[EXERCISE]
After locating the line with "Eazy Kids 4", set down that line and all the lines that follow it, unchanged, to the end of the records; omit the pictures.

^^^^^^^^

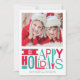 Este cartão de feriado com uma foto apresenta uma tipografia em negrito e vermelho. Ele pode ser facilmente personalizado com seu nome, saudações e fotos. Espaço adicional para saudações disponível na parte traseira do cartão.
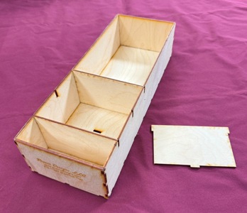 Card Tray 2.25" X 3.25" X 0.375" 3 Deck, Kit, (57mm X 82mm)A tray kit for 3 decks of cards with spaces that are 2.25" X 3.25" by 0.375" (9.5mm) tall. Assembly required, recommended tools to assemble the trays; hobby knife, sand paper and glue. The Kit card trays were an early design, there is a newer Flat Pack design below that replaces this design.  |
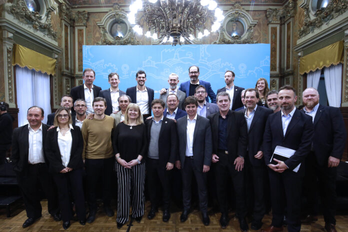 El gobernador Axel Kicillof encabezó este viernes el acto de presentación de los beneficios que el Banco Provincia ofrecerá a través de Cuenta DNI y tarjetas de crédito a sus clientes y clientas para celebrar su Bicentenario, el próximo 6 de septiembre. Fue en el Salón Dorado de la Casa de Gobierno, junto al presidente de la institución, Juan Cuattromo; y los ministros de Hacienda y Finanzas, Pablo López; y de Producción, Ciencia e Innovación Tecnológica, Augusto Costa.
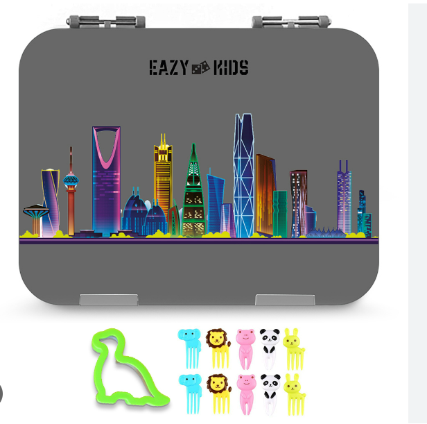 Eazy Kids 4 Compartment Bento Lunch Box-Love Saudi Grey
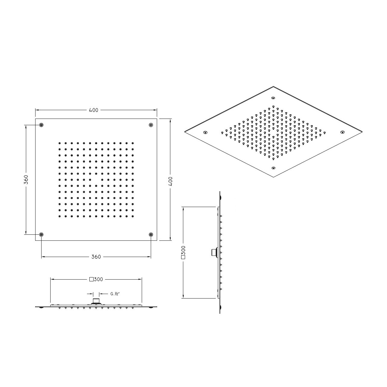 Комплектация: Верхний душ, система крепежа с тровами, инстрцкция, установочный трафарет;
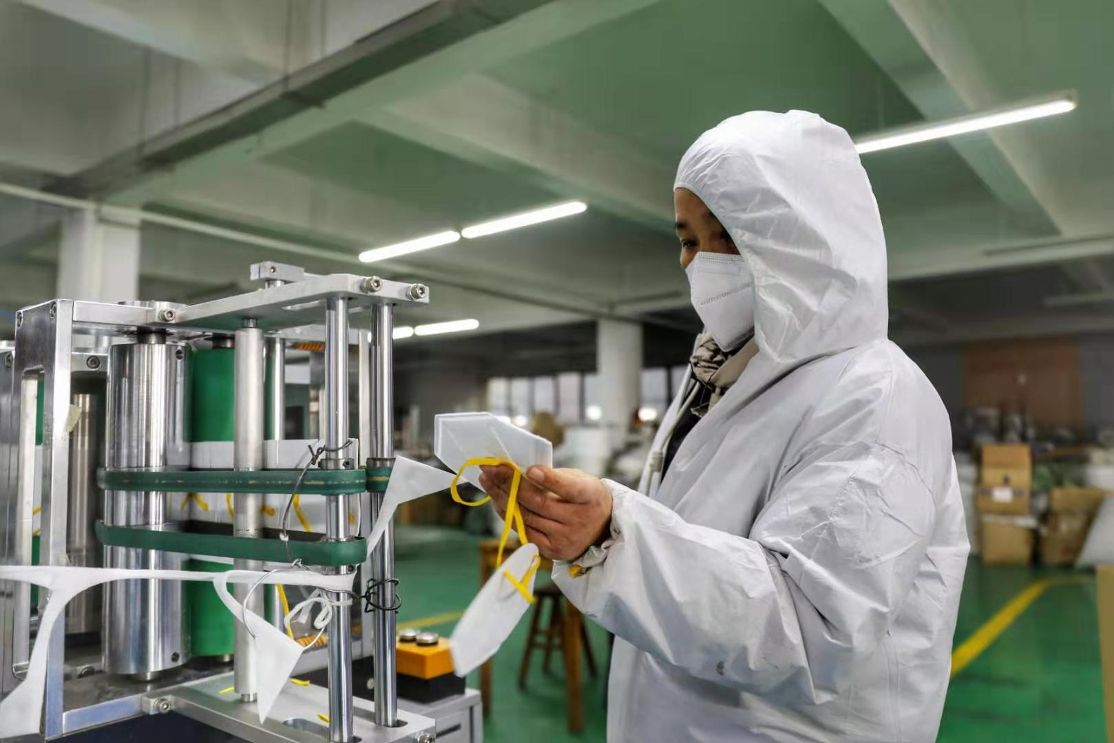 2月1日傍晚5点30分,位于金华开发区汤溪镇的金创劳动防护工具厂生产车间内,一群身着全包式消毒工作服的工人正紧张地忙碌着,他们放弃休假,提前回厂上班,一只只KN95型口罩不断从两条生产线“诞生”。“恢复生产不是为了赚钱,而是要履行社会责任。”工厂负责人金勇平说,多生产一只口罩,就能为打赢疫情防控阻击战多贡献一份力量。

^^^^^^^^

[THE ANSWER]
 Eazy Kids 4 Compartment Bento Lunch Box-Love Saudi Grey
 Комплектация: Верхний душ, система крепежа с тровами, инстрцкция, установочный трафарет;
 2月1日傍晚5点30分,位于金华开发区汤溪镇的金创劳动防护工具厂生产车间内,一群身着全包式消毒工作服的工人正紧张地忙碌着,他们放弃休假,提前回厂上班,一只只KN95型口罩不断从两条生产线“诞生”。“恢复生产不是为了赚钱,而是要履行社会责任。”工厂负责人金勇平说,多生产一只口罩,就能为打赢疫情防控阻击战多贡献一份力量。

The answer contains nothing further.